Shortly after Mr Houlihan gave that evidence, defence counsel applied in the absence of the jury that the jury be discharged, because:
The jury [is] going to take that [reference to the war being over] on board and … we’ll will have all those problems that we went through this morning.
Although the judge had previously ruled that Mr Houlihan should not refer to the applicant’s statement that the war was over, his Honour rejected the application for discharge, on the basis that:
Having heard the witness, I do not now consider it is a real possibility at all that the jury would treat the phrase ‘The war's over’ as being any more than the litigation will no longer be pursued by Mr Glascott. I say that because the phrase came out in the very specific context of a war of litigation between the accused and his former wife, Tina, over a considerable period; and as [defence counsel] rightly has conceded, if the expression was in that first conversation, ‘I'm no longer pursuing the court case’ there could be no objection. That is to say, the enunciation by the accused the day after the murder that he was no longer pursuing the court case, of itself could not properly be objected to. The objection is not the substance of the matter. The objection is the danger in the phraseology.

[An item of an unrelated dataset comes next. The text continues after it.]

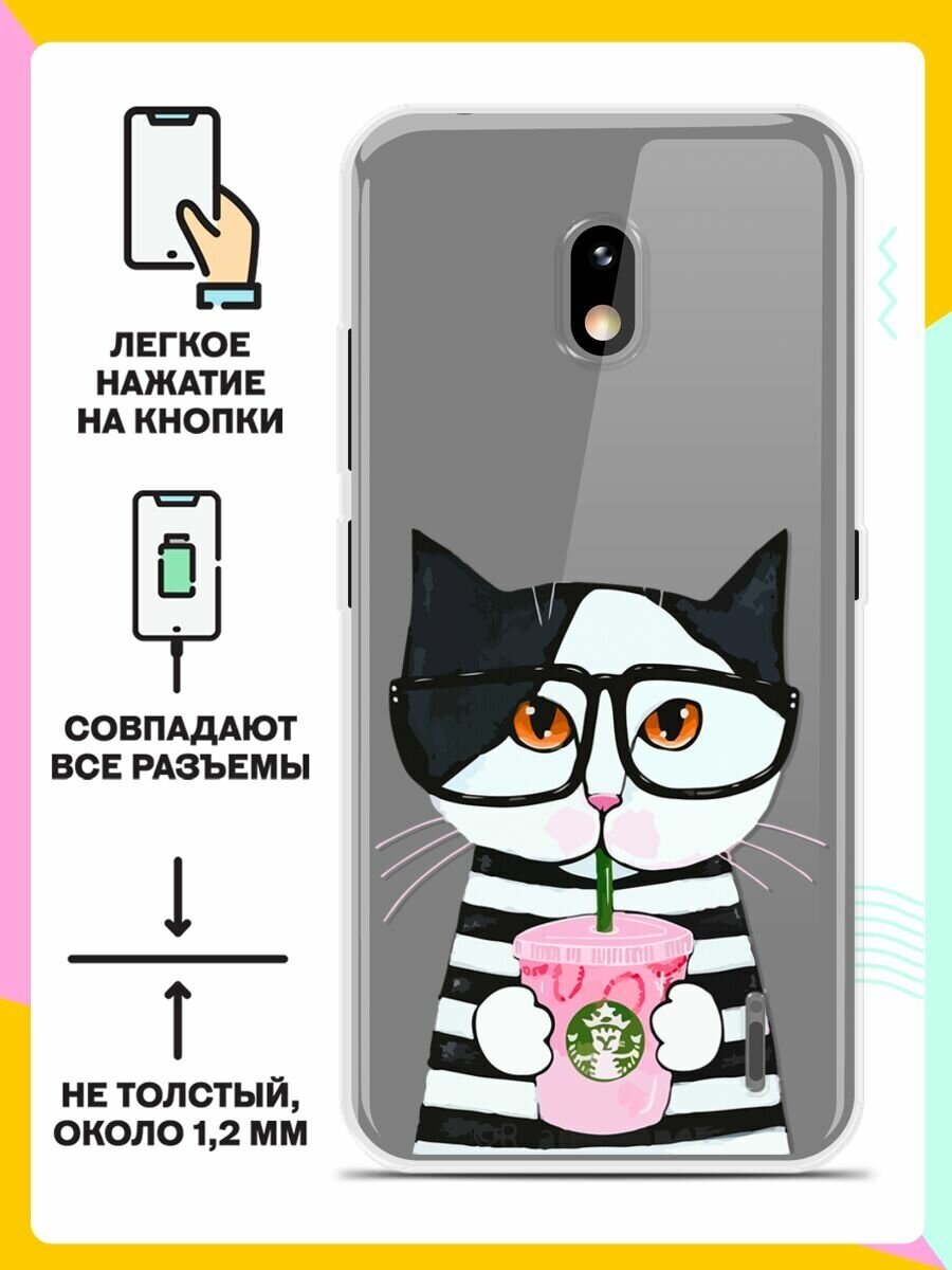 Силиконовый чехол на Nokia 2.2 Кот с кофе / для Нокия 2.2 информация:

I consider that in the context of the evidence given by the witness, the jury would only conclude that ‘The war's over’ referred to the litigation no longer being pursued.[10]
[10][2008] VSC 244 [4]–[5].
We agree with the judge. Given the context in which the remark was made, the jury are most unlikely to have attributed any meaning to ‘the war’s over’ other than that the access proceedings had concluded. A jury is not to be discharged unless there is a high degree of need to do so.[11] In this case, there was no need to do so.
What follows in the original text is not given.